Modified Turing test results
For this study, 10 board-certified radiologists with more than 10 years of experience each in interpreting cardio-thoracic imaging reviewed 20 sets of medical images and give out their predictions of whether the segmentation is done by a human or AI based on the preciseness and accuracy of the segmentation. All the radiologists were given the same platform and time to give their predictions. The predictions analysis of each radiologist is given in Table 2.
Table 2.
Radiologist | TP | FP | FN | TN | Total cases |
---|---|---|---|---|---|
1 | 7 | 7 | 4 | 2 | 20 |
2 | 1 | 6 | 9 | 4 | 20 |
3 | 6 | 7 | 6 | 1 | 20 |
4 | 4 | 5 | 8 | 3 | 20 |
5 | 2 | 5 | 11 | 2 | 20 |
6 | 4 | 7 | 5 | 4 | 20 |
7 | 4 | 5 | 10 | 1 | 20 |
8 | 5 | 6 | 6 | 3 | 20 |
9 | 0 | 7 | 8 | 5 | 20 |
10 | 1 | 3 | 12 | 4 | 20 |
Total | 34 | 58 | 79 | 29 | 200 |
The true positive (TP) denotes that the tester was able to detect the AI-based segmentation and the true negative (TN) denotes that the radiologist was able to detect the human-based segmentation. False negative (FN) represents that the tester thought it was an AI while the segmentation was done by a human, whereas in true negative (TN) the tester thought the segmentation is done by the AI while it was done by a human.

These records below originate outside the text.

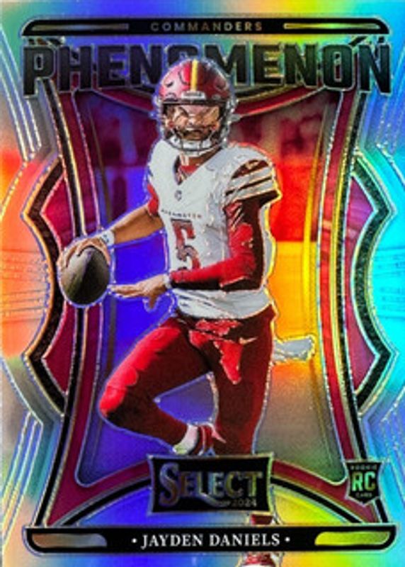The Jayden Daniels 2024 Select #2 Phenomenon - Silver Rookie card in Raw condition has moved up $5.84 (+138%) in the last 30 days and was last sold for $10.09 .
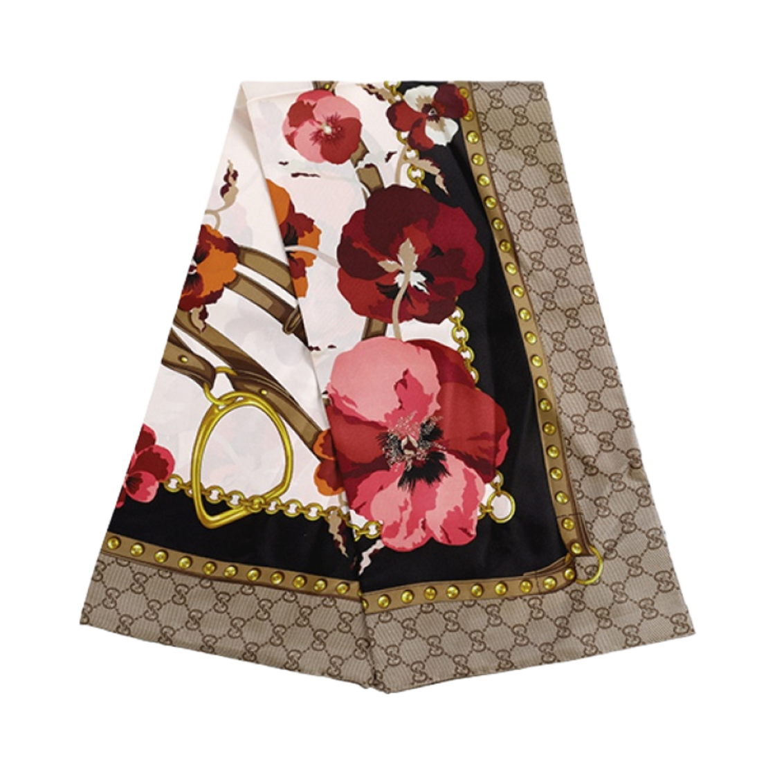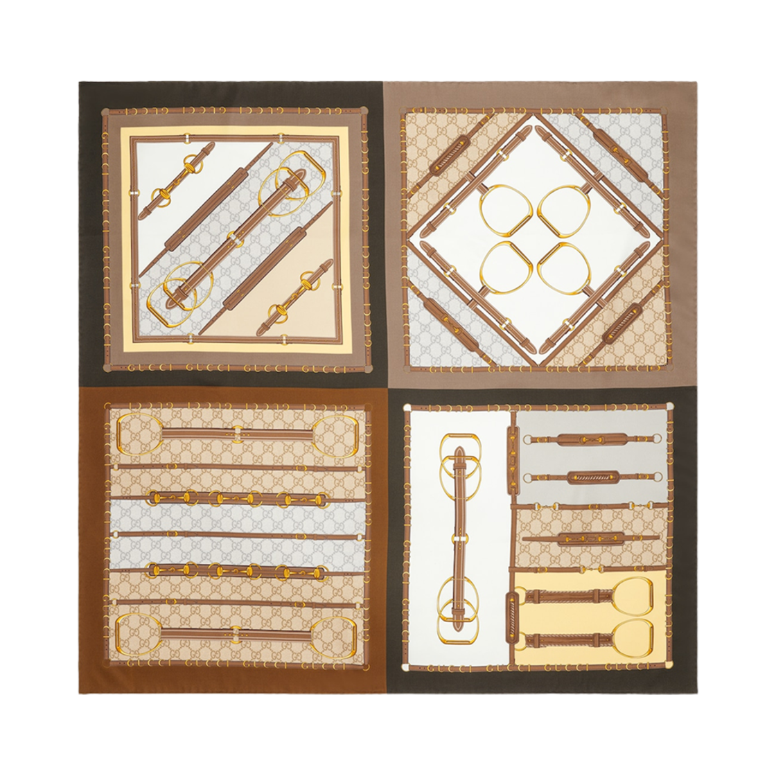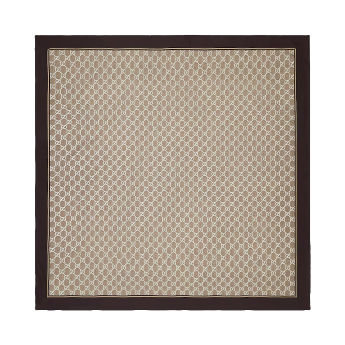 (W) 구찌 프린티드 실크 까레 다크 브라운 베이지
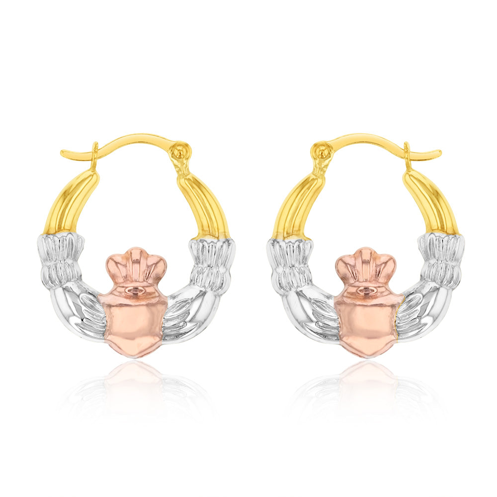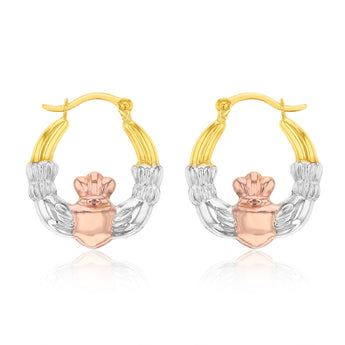 9ct Yellow Red and White Gold Three Tone Claddagh Hoop Earring

We would consider the TP and FN as our most important metrics here as they reveal the most context about the performance of the AI algorithms in a clinical setting. TP score reveals the reliability of AI-based segmentation, participants reported when the segmented scan did not include not-so-obvious infections or overdid some of the areas, it made it easier to say for them that the segmentation was done by an AI because a professional radiologist can never do such segmentation [41]. Therefore, having a high TP score is not a good metric for the AI because it means that the segmentation generated is not clinically relevant enough. FN score is what makes an algorithm come closer to an “expert radiologist.” If the model earns more TN scores that means that the AI system is as good as a professional radiologist and is very hard to distinguish whether the segmentation is done by a human or a machine.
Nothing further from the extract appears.